TASK GOAL: From the line containing "От глаз и до" to the line containing "胡散臭い通販商品みたいなあだ名 | 『億万長者になれるブレスレット…その名も「おたのさくら」』 |" in the records below, set down every line exactly as it stands, both ends included, and skip the pictures.

[Source records]
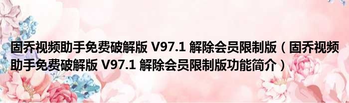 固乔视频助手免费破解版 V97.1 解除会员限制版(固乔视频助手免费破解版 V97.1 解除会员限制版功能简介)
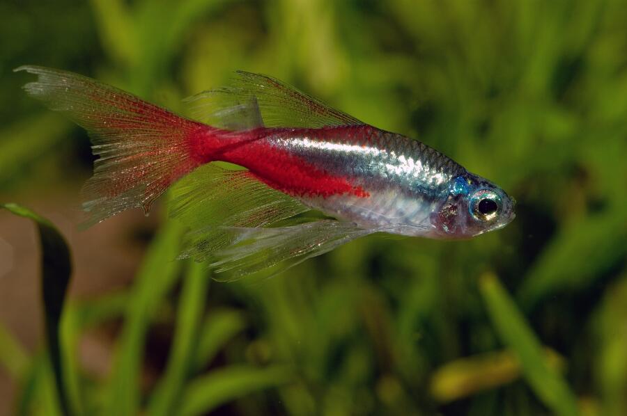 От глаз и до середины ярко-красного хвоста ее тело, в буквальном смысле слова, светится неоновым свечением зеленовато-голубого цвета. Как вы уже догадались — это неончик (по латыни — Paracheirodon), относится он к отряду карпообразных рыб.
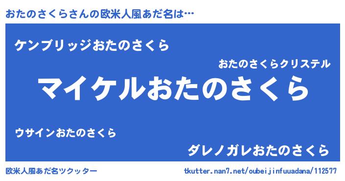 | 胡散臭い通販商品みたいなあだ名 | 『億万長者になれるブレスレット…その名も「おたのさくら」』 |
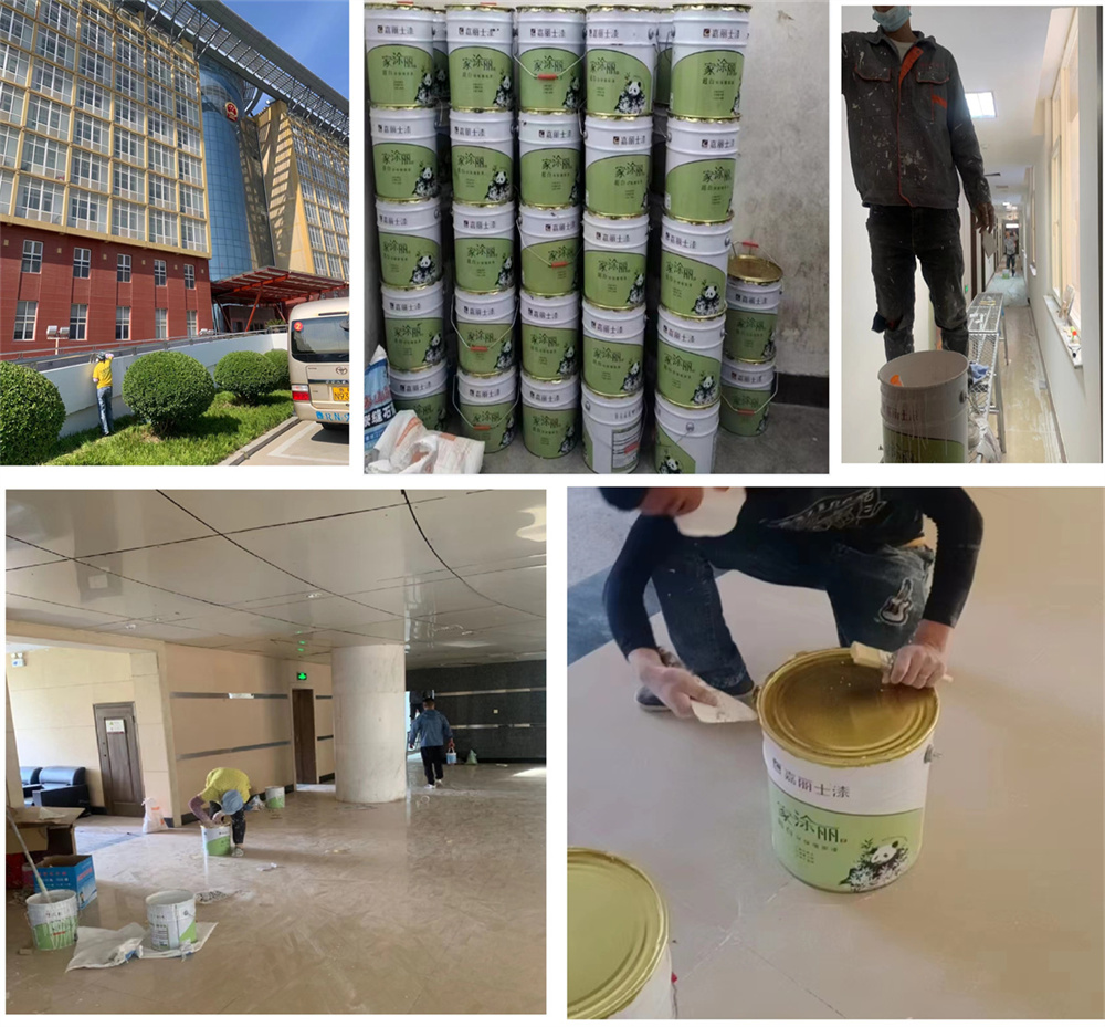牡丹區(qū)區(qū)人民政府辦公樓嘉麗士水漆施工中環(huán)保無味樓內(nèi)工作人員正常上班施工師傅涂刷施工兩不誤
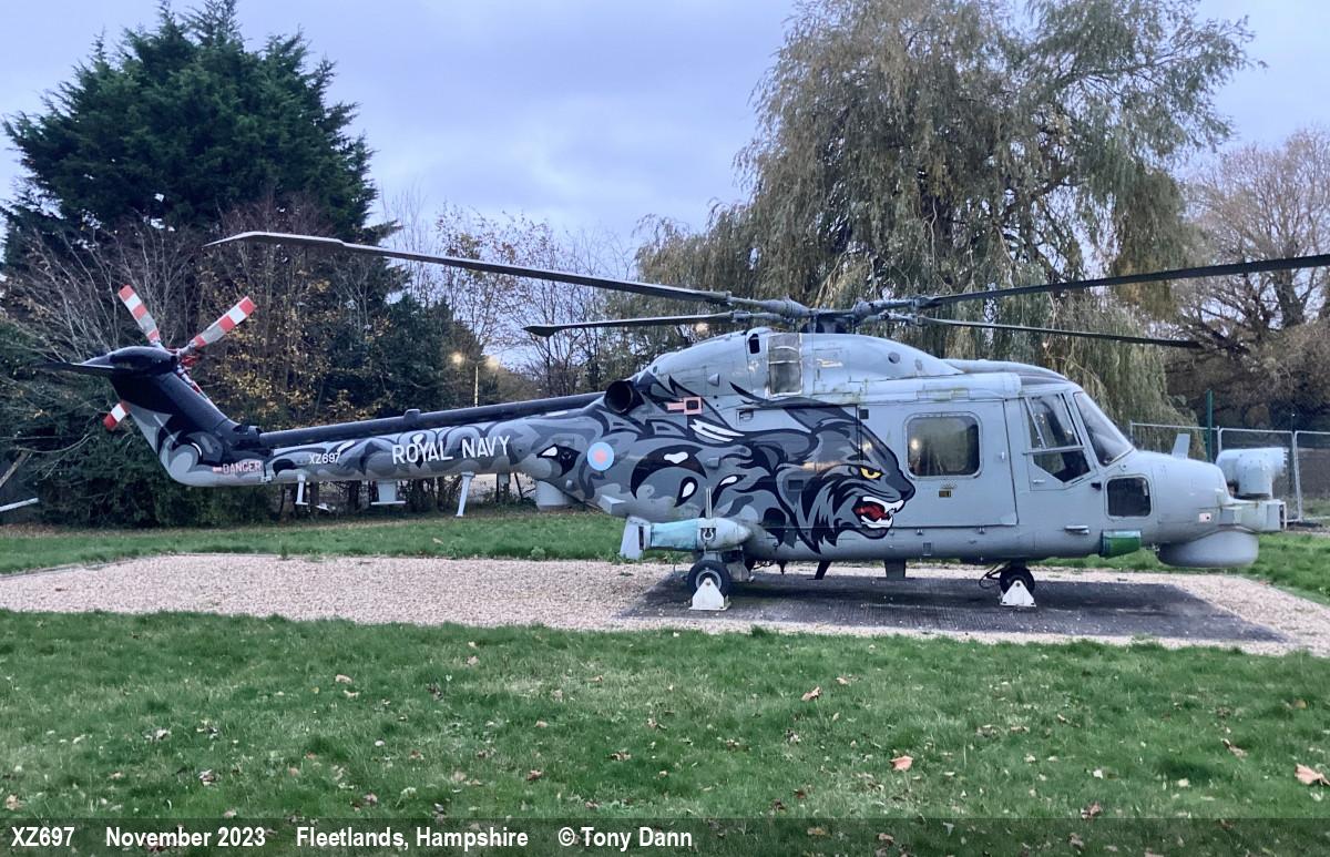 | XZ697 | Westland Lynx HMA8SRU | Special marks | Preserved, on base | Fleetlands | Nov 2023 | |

EXERCISE RESPONSE:
 От глаз и до середины ярко-красного хвоста ее тело, в буквальном смысле слова, светится неоновым свечением зеленовато-голубого цвета. Как вы уже догадались — это неончик (по латыни — Paracheirodon), относится он к отряду карпообразных рыб.
 | 胡散臭い通販商品みたいなあだ名 | 『億万長者になれるブレスレット…その名も「おたのさくら」』 |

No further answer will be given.